Believing in economics

Christian Century, May 8, 2002 by David A. Krueger, Thomas H. Schmid, Franklin Gamwell, I., Ronald Goetz

Nelson continues this provocative analysis through other major schools of economic thought, notably the Chicago school with its various "disciples" (Friedman, Stigler and other Nobel laureates), which rejected Samuelson's progressive optimism, especially regarding the role of government. He finds the more recent disciples of the "New Institutional Economics" more promising, in part for their more serious attention to history, culture and a wider array of human motives for economic behavior.
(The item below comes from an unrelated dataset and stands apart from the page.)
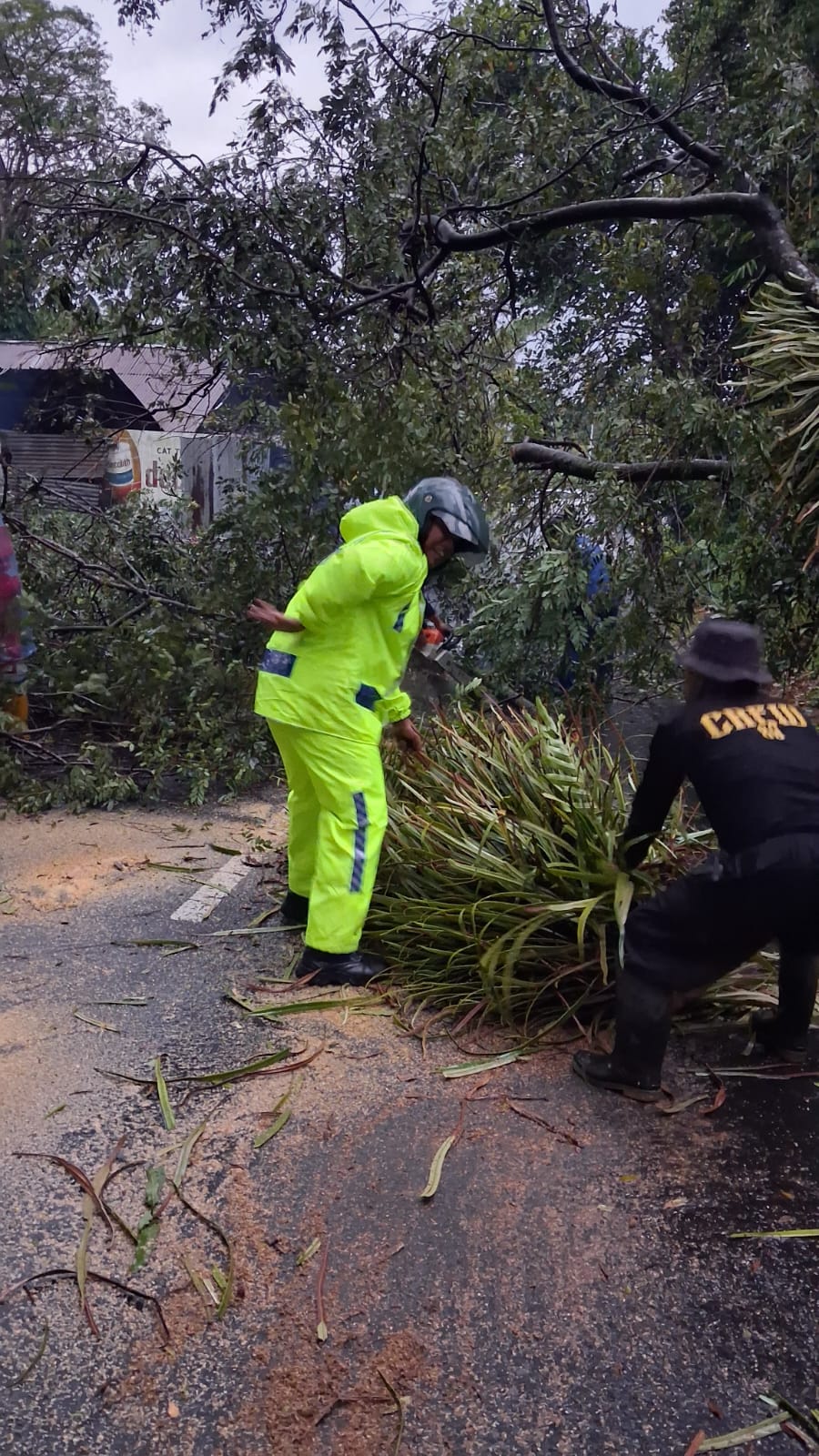 Kondisi cuaca tersebut menyebabkan satu pohon Trembesi berdiameter 30 centimeter yang berada di tepi jalan tidak mampu menahan tekanan angin hingga akhirnya tumbang melintang jalan.Pohon tumbang tersebut menutup jalur dari dua arah Degolan Balong dan menimpa jaringan listrik, telfon, waifi.

What's the future, then, of economics? And how ought religion to inform economics? Having uncovered many of the flaws of economics and even evidence of its waning social influence and its potential decline as the predominant 21st-century secular theology, how does Nelson think "economics as religion" should operate? Here, Nelson is less clear and by no means systematic, providing only fragmentary hints and suggestions for future reflection and development. At the very least Christianity and ethics, he occasionally implies, could more effectively inform "the fundamental value system" that sustains and restrains modern market-based society.

While Nelson seems to affirm a role for self-interest in the marketplace, he argues for its restraint and inappropriateness in other spheres, which call for other virtues. More boldly and critically, Nelson sometimes suggests the potential bankruptcy of modern material progress. He notes that many studies suggest that increased wealth does not seem to correlate with increased happiness. He argues for fuller and more adequate conceptions of human nature within economic theory. He suggests the potential for libertarian and environmental intellectual strains to reform economic thought. He muses about the need to redefine and reorganize the social sciences within the intellectual life of universities. One hopes that the articulation of a systematic agenda for an economics that is appropriately shaped by, or more closely coherent with, the fundamental truth claims revealed by religion will be the subject of Nelson's next volume.

Reviewed by David A. Krueger, who holds the Charles E. Spahr Chair in Managerial and Corporate Ethics at Baldwin-Wallace College in Berea, Ohio.

Aging Well.

By George E. Vaillant. Little, Brown, 373 pp., $24.95.

READING THIS book will not grant us an escape from eventual death or the inevitable losses of old age. But it can help us to learn from those who have aged well. Since two or three decades of advance notice may be helpful to people as they consider the exigencies of the later years, those in their 40s, 50s and 60s will benefit most from reading the book.

For the past 30 years George Vaillant has been part of the progressive Harvard Study of Adult Development, which began in 1939. A group of Harvard sophomores was interviewed extensively, answered biennial questionnaires, submitted physicians' evaluations every five years, and participated in personal interviews every decade or so into their maturity and old age. As Aging Well was written, these subjects were nearing 80.